Arts Council England has unveiled proposals for a new “politician-proof” ten-year plan that would see a radical shake-up of its funding system, including allowing grant applications from the commercial theatre sector for the first time in decades.
The organisation has this week published Achieving Great Art for Everyone, a consultation paper putting forward its priorities for the next ten years. The arts sector is being asked to voice its own views on the plans, which will be taken into account by ACE, before a final strategy framework is published later in 2010, after the general election.
ACE chief executive Alan Davey said that the document was being created in part in response to criticisms of the arts council’s handling of its last investment strategy and hoped it would help avoid the clashes which had occurred between the sector and ACE on that occasion.
He explained: “What we’ve put up is something to be shot down or talked about, if you like. We want lots of discussion about it. That takes place over three months, we absorb it and, when there’s a new government, we’ll come back with what people have said and we’ll say what we think, our judgment.
“We’ll then convert that into a framework for the next investment strategy and beyond.
“If you look at companies in the commercial world who have done well, they’ve thought about ten years ahead and they’ve stuck to it through thick and thin - through short-term market fluctuations. We in the arts need to think a bit like that. I think we’re capable of doing it, because artists do tend to think long term and I think we [the arts council] need to acknowledge that.”
Davey added that the ten-year plan was intended to be “politician-proof, so that it doesn’t really matter what the political climate is, we’re clear what we want to do in the arts”.

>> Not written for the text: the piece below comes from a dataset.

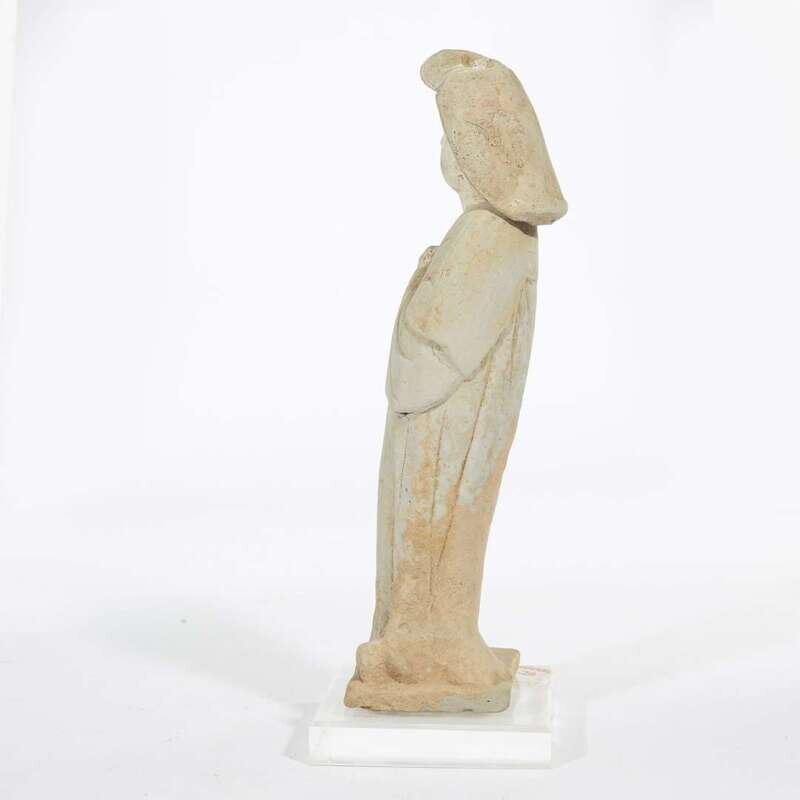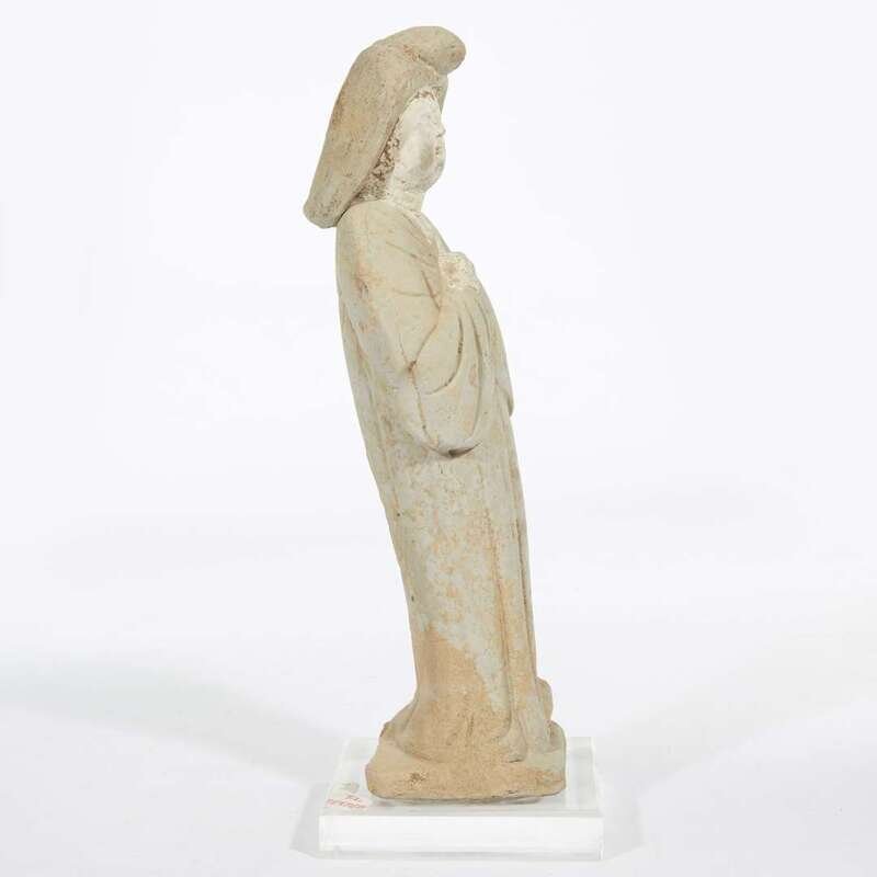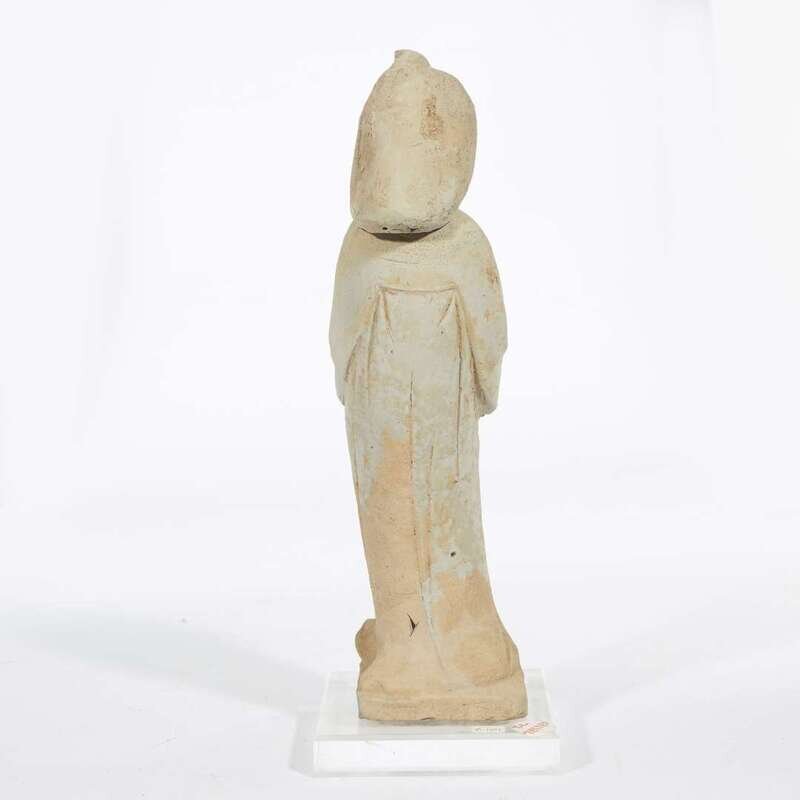 Dressed in a long-sleeved, high-waisted robe that falls in vertical folds to the square base, covering her feet; holding both hands in front of her. Her hair is neatly arranged covering the back of her neck and tied into an extravagant chignon. The results of Oxford Authentication ltd. thermoluminescence test, #C299b71, September 22, 1999, are stated to be consistent with the suggested date of manufacture.

One of the more radical suggestions in the consultation is a thorough shake-up of ACE’s current funding system, which would see Grants for the Arts retained in its current form, but all other methods of funding re-considered and made more flexible.
This could mean new one-year, two-year or even five-year funding deals, while ACE is also investigating the possibility of offering loans or guarantees against loss, in place of traditional subsidy.
“I think we have to look at new business models like that going forward,” said Davey, “whether we return to what the arts council used to do in the past, which is written guarantees and that sort of thing - I think it should all be in the mix.”
Meanwhile, Davey said that if the new strategy involved offering funding agreements to commercial theatre producers, it would most likely be focused on the touring market.
Other key priorities laid out in the consultation paper include establishing arts education as a curriculum requirement in secondary school education, increasing the number of “diverse artists” working with established organisations, securing more high-quality arts coverage on broadcast media and in the national press, and increasing international exposure for work created in England.
“The thing I want to emphasise is it’s about pushing boundaries, about giving arts and artists and companies space to experiment and create and move the art forms forward,” added Davey.
“The worst thing we could do would be to allow the publicly funded arts to become stale and boring.”
The consultation is available at www.artscouncil.org.uk/consultation and runs until April 14.